As I sat on the concrete floor, I stared at that face, and let the tears come. Great heaving sobs pulled at my lungs and shook my ribcage. It was as if those pictures had the power to hold me hostage—that they had held me hostage for forty-five years. And I was reduced to a quivering, fearful child once again.

A few days later I took the photos out again. I could barely stand to look at them. They represented all the hurt, all the taunts, all the pain I had spent years stuffing away, convinced if I didn’t think about the accident and how it made me look, it couldn’t hurt me anymore.

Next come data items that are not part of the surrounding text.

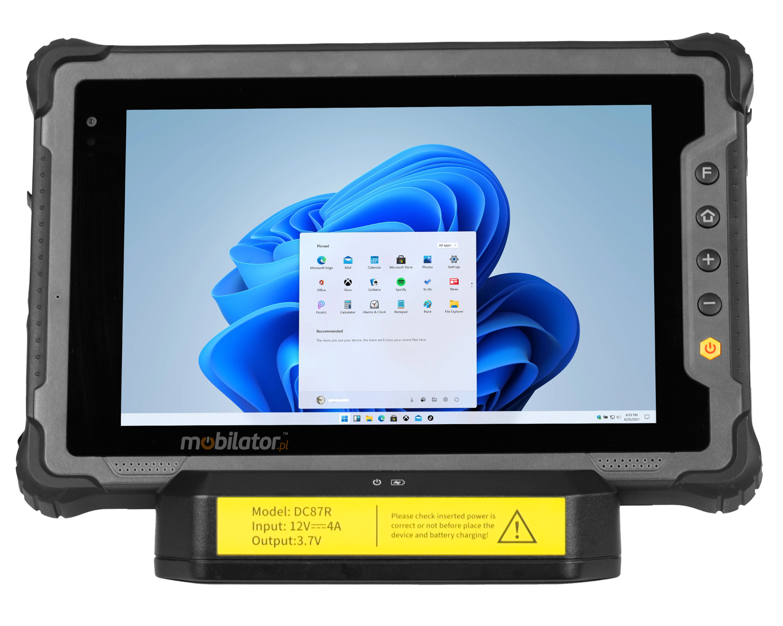 The Emdoor Q885M industrial tablet docking station enables fast and safe charging and synchronization of the device. Thanks to the dock design, the tablet can be connected in one move, which facilitates everyday use in the office or at the workplace. The station's power supply is 19V DC. The product is dedicated to service, industrial and technical environments.
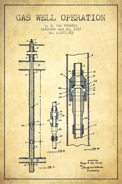 Gas Well Operation Vintage Patent Blueprint
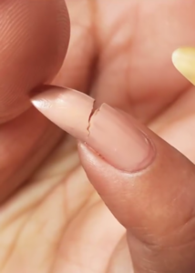 • Start splitting from the growth lines (growth lines are the horizontal lines on our nails that signify each nail growth period, might or might not be visible)
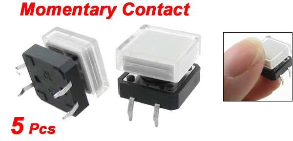 Product Name Tact Switch Contact Type Momentary Contact Dimension 12 x 12 x 14mm / 0.47" x 0.47" x 0.55" (L*W*H) Button Size 12 x 12 x 6mm/ 0.47" x 0.47" x 0.24" (L*W*H) Pin Pitch 6mm / 0.24" Pin Length 5mm / 0.2" Material Plastic, Metal, Electric Parts Color Black, Silver Tone, Grey, Clear Net Weight 7g Package Content 5 Pcs x Tact Switches - Reviews
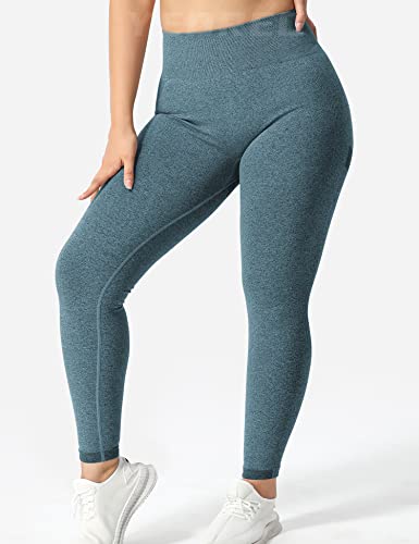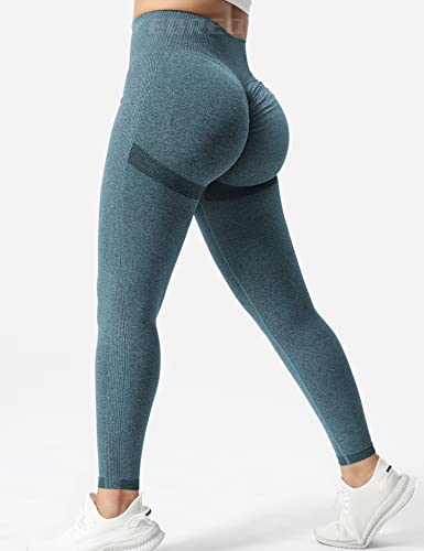 YEOREO Scrunch Butt Lift Leggings for Women Workout Yoga Pants Ruched Booty High Waist Seamless Leggings Compression Tights Blue M
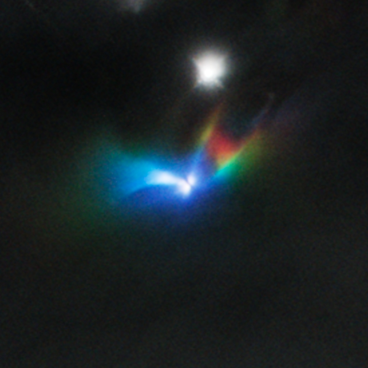 Flashes of light pulsing through the nebula surrounding the protostellar object LRLL 54361 are captured in this time-coded prismatic image from NASA's Hubble Space Telescope. These surprisingly regular pulsations, recurring every 25.34 days, were discovered by NASA's Spitzer Space Telescope...
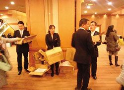 当日、ロビーで水とパンを配る。6000人×2食分を備蓄していたが、
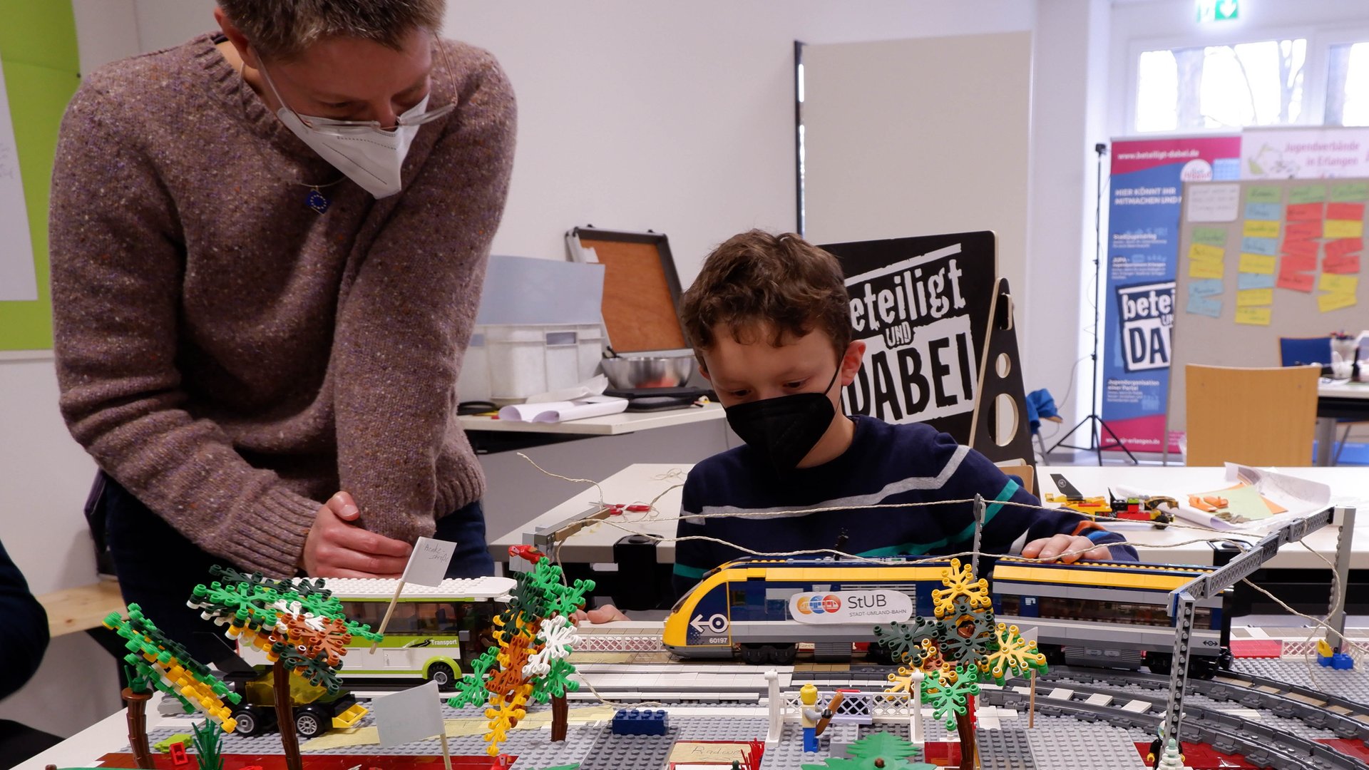 13 Kinder und Jugendliche im Alter von 10 bis 13 Jahren nahmen an der 5. Planungswerkstatt unter dem Motto „Lego-Architekt*innen für die StUB gesucht“ teil. An den drei Tagen in den Herbstferien planten die Teilnehmenden den Streckenabschnitt der Stadt-Umland-Bahn am Erlanger Langemarckplatz: Sie studierten aktuelle Pläne zur Linienführung, erhielten eine Einführung in die technischen Rahmenbedingungen des Straßenbahnprojekts und besichtigten den Langemarckplatz sowie einen vergleichbaren Streckenabschnitt des Nürnberger Straßenbahnnetzes vor Ort. Im Anschluss setzten sie ihre Ideen mit Lego-Bausteinen um und gestalteten ihre eigene StUB.
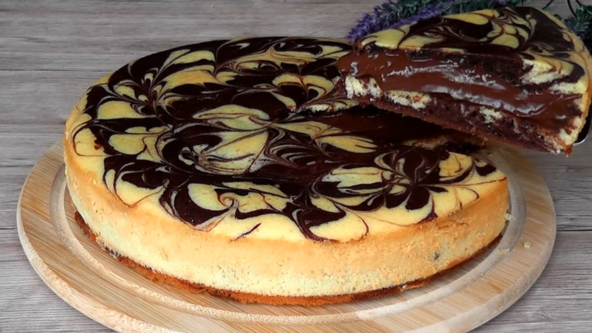 Ako volite čokoladu onda ne smete da preskočite ovu tortu. Mekani patišpanj napunjen istopljenom čokoladom je poslastica koja će probuditi sva vaša čula. Treba vam manje od sat vremena i za pripremu i za pečenje. Kombinacija za pravljenje ove torte ima milion. Možete da sipate prvo beli fil, pa čokoladu, pa crni fil. Da prošarate kao na slici, ili prvo crni pa beli. Izbora ima dosta, a na vama je da odlučite kako želite da izgleda.

I lowered myself to the floor. I wanted to be as close to the ground as possible; I feared I might collapse if I wasn’t. I peered at the first photo. It was taken from the front, and that little girl was staring straight at the photographer. Her eyes appeared to be the eyes of an old soul, someone who has suffered and survived. There was something in the eyes of that child, that five-year-old, that was way beyond her years. Way beyond the pain and suffering, beyond the here and now, planted firmly in the Divine. Sure of herself and sure she would survive, no matter what. The second photo, taken from the left side, was entirely different. It was of a small child afraid, terrified of being hurt, of being abandoned to the nurses and doctors once again, of being left in the hands of people who didn’t care, or didn’t seem to. That child’s eyes reflected such a deep sadness, a grief so profound I wanted to hold her, reach out to her across the years and make her safe. But I couldn’t. Not yet.